We aim to make a fundamental contribution to cellular and subcellular phenotype mapping by developing methods for recover the underlying articulation parameters (deformation modes) of distribution of forms with particular relevance to cell biology. More specifically, we will couple a metric space formulation for biological forms with modern nonlinear manifold learning algorithms for characterizing (determination of mean shape, most likely modes of variation, statistical tests, etc.) shape distributions directly and automatically from image data. A particular innovative aspect of our work will be in allowing for using existing data to guide in the design of statistical tests to differentiate populations of cells (or subcellular organelles). These should allow for more sensitive statistical tests as compared with traditional approaches which are based on testing pre-conceived hypothesis. The methods we propose will be compared to already existing works in an effort to produce a standard, well-accepted technology. The successful completion of this project will have significant impact in areas such as pathology, high-throughput screening, cell motility studies, etc. by enabling one to perform many intricate tasks using a standard methodology.
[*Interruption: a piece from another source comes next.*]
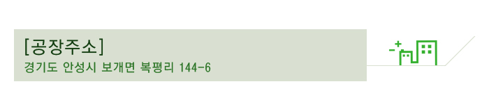 공장주소 : 충북 음성군 금왕읍 대금로 1270-8 / 파주공장 : 경기도 파주시 법원읍 못말길 371-34

This research is aimed at supporting high-throughput shape phenotype mapping automatically from microscopic images through the introduction of a rigorous mathematical foundation, accompanied by suitable computational algorithms. More specifically, we will develop methodology for performing high-level shape measurements (determination of mean shape, most likely modes of variation, statistical tests, etc.) based on the spatial transformations that relate two or more forms as depicted in microscopy images. The methods we propose will be compared to already existing works in an effort to produce a standard, well-accepted technology. The successful completion of this project will have significant impact in areas such as pathology, high-throughput screening, cell motility studies, etc. by enabling one to perform many intricate tasks using a standard methodology.